Abstract:Behavioral experiments on the ultimatum game (UG) reveal that we humans prefer fair acts, which contradicts the prediction made in orthodox Economics. Existing explanations, however, are mostly attributed to exogenous factors within the imitation learning framework. Here, we adopt the reinforcement learning paradigm, where individuals make their moves aiming to maximize their accumulated rewards. Specifically, we apply Q-learning to UG, where each player is assigned two Q-tables to guide decisions for the roles of proposer and responder. In a two-player scenario, fairness emerges prominently when both experiences and future rewards are appreciated. In particular, the probability of successful deals increases with higher offers, which aligns with observations in behavioral experiments. Our mechanism analysis reveals that the system undergoes two phases, eventually stabilizing into fair or rational strategies. These results are robust when the rotating role assignment is replaced by a random or fixed manner, or the scenario is extended to a latticed population. Our findings thus conclude that the endogenous factor is sufficient to explain the emergence of fairness, exogenous factors are not needed.
Machine Learning,Disordered Systems and Neural Networks,Adaptation and Self-Organizing Systems,Physics and Society,Populations and Evolution
What problem does this paper attempt to address?
The core problem that this paper attempts to solve is to explain the fair behavior exhibited by humans in the Ultimatum Game (UG). Traditional economics assumes that people are completely rational and selfish. Therefore, it predicts that in the UG, the proposer will make the lowest possible offer to maximize his or her own gain, and the responder will accept any non - zero offer. However, the actual experimental results are contrary to this prediction, indicating that humans are more inclined to fair behavior.
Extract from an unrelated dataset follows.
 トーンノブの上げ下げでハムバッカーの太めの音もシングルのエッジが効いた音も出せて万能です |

### Specific Problems and Methods
1. **Contradiction between Traditional Economic Predictions and Experimental Results**:
- The traditional economic assumption (Homo economicus) holds that people are completely rational and self - interested. Therefore, in the UG, the proposer will make a very low offer, and the responder will accept any non - zero offer.
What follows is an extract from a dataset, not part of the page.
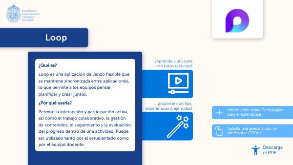 ¿Qué es? Loop es una aplicación de lienzo flexible que se mantiene sincronizada entre aplicaciones, lo que permite a los equipos pensar, planificar y crear juntos. ¿Por qué usarla? Permite la interacción y participación activa, así como el trabajo colaborativo, la gestión de contenidos, el seguimiento y la evaluación del progreso dentro de una actividad. Puede ser utilizado tanto por el estudiantado como por el equipo docente.

- However, a large number of behavioral experiments show that most offers are concentrated between 40% and 50% of the total amount, and offers below 20% are often rejected. This indicates that humans have a strong preference for fair behavior, challenging the predictions of traditional economics.
2. **Limitations of Existing Explanations**:
- Most of the existing explanations are attributed to exogenous factors (such as social structure, role assignment, noise, etc. in the imitation - learning framework), but these explanations do not fully reveal the role of internal motivation.
3. **Research Purposes**:
- This paper adopts the Reinforcement Learning (RL) paradigm to study the emergence mechanism of fair behavior, especially by simulating the decision - making process in the UG through the Q - learning algorithm.
- The research aims to explore whether the emergence of fair behavior can be explained by endogenous factors (i.e., an individual's own learning and decision - making mechanisms) without relying on exogenous factors.
### Main Findings
- **Application of Q - learning**:
- Each player has two Q - tables, which are used for the roles of proposer and responder respectively. Players continuously update their Q - tables to optimize their strategies in order to maximize cumulative rewards.
- **Emergence of Fair Behavior**:
- When individuals value historical experience and future returns (i.e., the learning rate α is small and the discount factor γ is large), fair behavior emerges significantly. Specifically, the probability of a successful transaction increases as the offer increases, which is consistent with the observations in behavioral experiments.
- **Two - stage Evolution Mechanism**:
- First stage: Individuals adjust their strategies to increase the probability of a successful transaction. Eventually, only three strategies (pm, qm), (pl, ql) and (pm, ql) survive.
- Second stage: The system undergoes a dominant conversion pattern (pm, ql) → (pl, ql) → (pm, qm), and finally stabilizes at the fair strategy (pm, qm) or the rational strategy (pl, ql).
### Conclusion
This research shows that endogenous factors (such as an individual's learning and decision - making mechanisms) are sufficient to explain the emergence of fair behavior without relying on exogenous factors. This finding provides a new perspective for understanding human fair behavior and emphasizes the potential of reinforcement learning in explaining complex social behaviors.